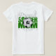 T-shirt avec Proud Soccer Maman sur le dos en lettres vertes; personnalisé sur la poche avant avec le nom de la mère ou de l'enfant qui commence par la lettre "E".
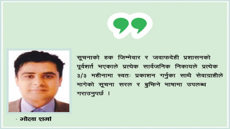 सूचनाको हक जिम्मेवार र जवाफदेही प्रशासनको पूर्वशर्त भएकाले प्रत्येक सार्वजनिक निकायले प्रत्येक ३/३ महीनामा स्वत: प्रकाशन गर्नुका साथै सेवाग्राहीले मागेको सूचना सरल र बुझिने भाषामा निर्धारित अवधिभित्र उपलब्ध गराउनुपर्छ ।
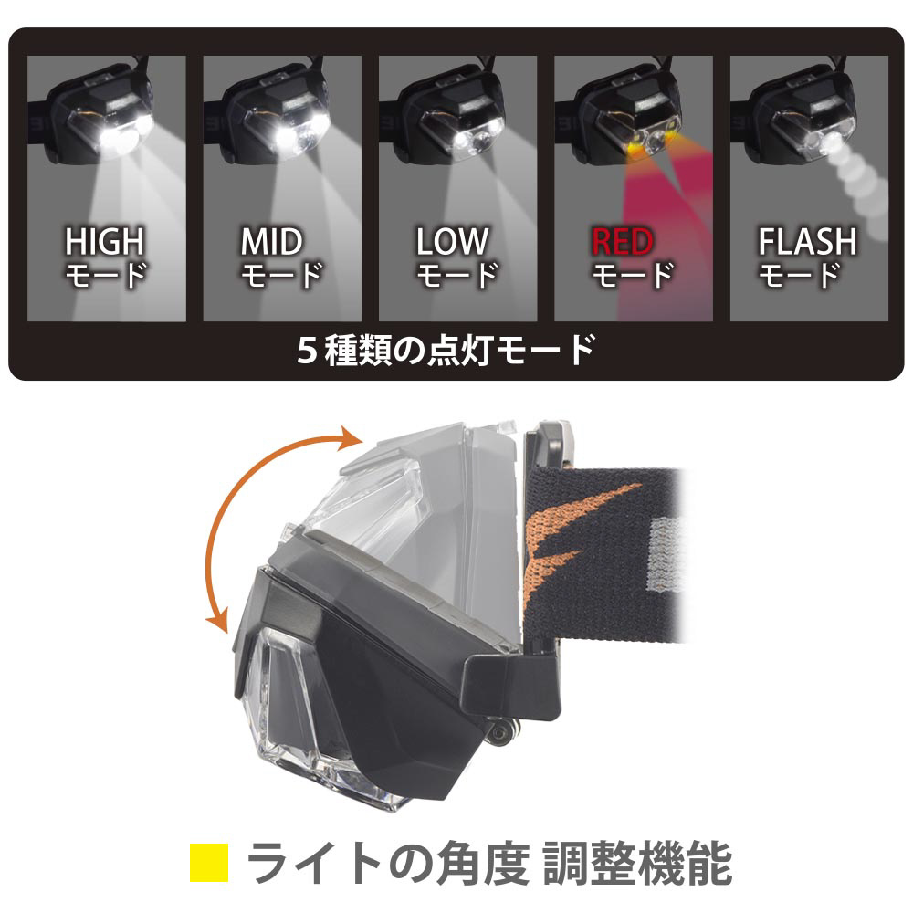 ●5種類の点灯モード(HIGH/MID/LOW/RED/FLASH)
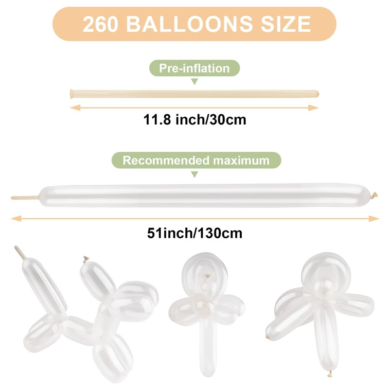 - 100 PCS Long Skinny Balloons: These long clear 260 balloons, can meet your various balloon decoration needs, pre-inflation:11.8inch/30cm, maximum:51inch/130cm, please reserve 10-15cm during inflation to prevent balloon animal balloons from popping
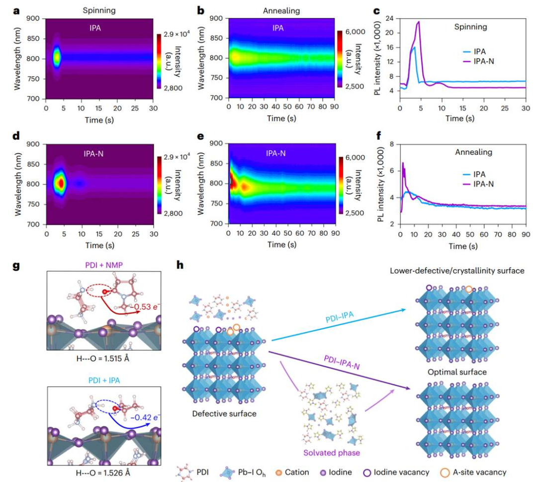 1.原位光致发光监测显示,异丙醇-NMP体系处理的钙钛矿薄膜在旋涂时PL强度达到峰值的时间延迟且强度更高,表明存在特殊钝化路径。核磁共振分析揭示二碘哌嗪与甲脒阳离子的强相互作用是表面钝化的关键,可阻止A位阳离子去质子化,抑制甲脒空位形成。

§ **EXERCISE DETAILS**:
The records must come back exactly, with their pictures removed.

§ **COMPLETED EXERCISE**:
 T-shirt avec Proud Soccer Maman sur le dos en lettres vertes; personnalisé sur la poche avant avec le nom de la mère ou de l'enfant qui commence par la lettre "E".
 सूचनाको हक जिम्मेवार र जवाफदेही प्रशासनको पूर्वशर्त भएकाले प्रत्येक सार्वजनिक निकायले प्रत्येक ३/३ महीनामा स्वत: प्रकाशन गर्नुका साथै सेवाग्राहीले मागेको सूचना सरल र बुझिने भाषामा निर्धारित अवधिभित्र उपलब्ध गराउनुपर्छ ।
 ●5種類の点灯モード(HIGH/MID/LOW/RED/FLASH)
 - 100 PCS Long Skinny Balloons: These long clear 260 balloons, can meet your various balloon decoration needs, pre-inflation:11.8inch/30cm, maximum:51inch/130cm, please reserve 10-15cm during inflation to prevent balloon animal balloons from popping
 1.原位光致发光监测显示,异丙醇-NMP体系处理的钙钛矿薄膜在旋涂时PL强度达到峰值的时间延迟且强度更高,表明存在特殊钝化路径。核磁共振分析揭示二碘哌嗪与甲脒阳离子的强相互作用是表面钝化的关键,可阻止A位阳离子去质子化,抑制甲脒空位形成。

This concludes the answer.